3. The power supply apparatus according to claim 1, further comprising rectifying means having one output terminal connected to said first DC power supply terminal, having the other output terminal connected to said second DC power supply terminal, and having an input terminal receiving one of first and second AC voltages, said second AC voltage having a value larger than the value of said first AC voltage; said driving means operating to close said first and second mechanical contacts when the AC voltage at the input terminal of said rectifying means is said first AC voltage, and to open said first and second mechanical contacts when the AC voltage at said input terminal of said rectifying means is said second AC voltage.
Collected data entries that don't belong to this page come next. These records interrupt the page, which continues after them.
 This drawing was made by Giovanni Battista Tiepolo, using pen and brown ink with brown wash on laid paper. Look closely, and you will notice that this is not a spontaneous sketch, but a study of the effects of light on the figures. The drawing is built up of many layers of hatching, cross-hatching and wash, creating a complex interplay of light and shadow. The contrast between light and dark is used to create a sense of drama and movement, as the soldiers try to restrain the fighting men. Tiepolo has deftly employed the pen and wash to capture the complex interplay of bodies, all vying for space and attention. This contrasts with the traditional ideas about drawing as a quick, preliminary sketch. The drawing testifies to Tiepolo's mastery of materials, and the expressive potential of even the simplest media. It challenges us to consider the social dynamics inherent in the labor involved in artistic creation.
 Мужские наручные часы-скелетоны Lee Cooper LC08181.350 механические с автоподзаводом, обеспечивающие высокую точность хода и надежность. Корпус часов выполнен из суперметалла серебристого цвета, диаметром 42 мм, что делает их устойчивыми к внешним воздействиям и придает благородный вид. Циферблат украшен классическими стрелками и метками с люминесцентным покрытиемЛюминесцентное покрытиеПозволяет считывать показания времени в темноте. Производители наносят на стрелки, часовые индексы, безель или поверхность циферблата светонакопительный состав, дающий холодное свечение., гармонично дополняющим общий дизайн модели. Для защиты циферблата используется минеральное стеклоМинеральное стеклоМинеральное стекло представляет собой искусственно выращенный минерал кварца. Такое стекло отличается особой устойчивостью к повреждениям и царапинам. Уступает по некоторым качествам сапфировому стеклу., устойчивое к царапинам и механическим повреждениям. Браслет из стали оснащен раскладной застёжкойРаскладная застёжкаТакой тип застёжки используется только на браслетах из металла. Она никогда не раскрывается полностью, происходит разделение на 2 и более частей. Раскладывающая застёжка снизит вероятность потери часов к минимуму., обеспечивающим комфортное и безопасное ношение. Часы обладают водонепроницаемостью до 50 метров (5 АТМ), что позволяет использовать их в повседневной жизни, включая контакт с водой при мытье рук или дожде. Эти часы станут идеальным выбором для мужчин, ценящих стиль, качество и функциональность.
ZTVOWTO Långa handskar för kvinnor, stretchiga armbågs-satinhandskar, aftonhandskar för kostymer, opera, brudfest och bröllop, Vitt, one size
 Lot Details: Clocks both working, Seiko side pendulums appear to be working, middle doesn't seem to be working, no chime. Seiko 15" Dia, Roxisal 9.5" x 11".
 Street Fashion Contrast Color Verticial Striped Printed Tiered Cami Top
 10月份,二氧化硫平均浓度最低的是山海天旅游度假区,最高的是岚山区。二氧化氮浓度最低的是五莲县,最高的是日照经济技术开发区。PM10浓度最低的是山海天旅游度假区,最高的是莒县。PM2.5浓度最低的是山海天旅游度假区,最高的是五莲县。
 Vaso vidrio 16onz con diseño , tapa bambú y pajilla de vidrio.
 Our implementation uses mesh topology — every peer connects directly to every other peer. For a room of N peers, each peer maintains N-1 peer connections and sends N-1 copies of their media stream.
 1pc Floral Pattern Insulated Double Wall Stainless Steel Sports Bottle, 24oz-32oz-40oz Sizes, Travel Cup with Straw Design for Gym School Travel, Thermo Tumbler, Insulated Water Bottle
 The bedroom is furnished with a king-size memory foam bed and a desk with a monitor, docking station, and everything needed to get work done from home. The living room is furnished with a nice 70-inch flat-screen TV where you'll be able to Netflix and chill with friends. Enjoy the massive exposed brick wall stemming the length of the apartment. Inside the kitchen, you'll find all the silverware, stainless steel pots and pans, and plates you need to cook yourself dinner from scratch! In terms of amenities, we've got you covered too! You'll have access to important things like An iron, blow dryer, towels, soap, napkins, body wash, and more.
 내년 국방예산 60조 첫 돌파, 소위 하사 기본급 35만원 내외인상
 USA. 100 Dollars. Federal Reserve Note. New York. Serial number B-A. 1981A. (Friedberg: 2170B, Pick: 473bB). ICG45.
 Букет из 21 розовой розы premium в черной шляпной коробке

4. The power supply apparatus according to claim 1, wherein said first and second inverters, said first and second mechanical contacts, said driving means and said diode are housed in a casing, each of said first and second mechanical contacts, when said casing falls or when impact is given to said casing, is liable to temporarily change the state thereof from one of the open and closed states in which each of said mechanical contacts is, to the other of said open and closed states.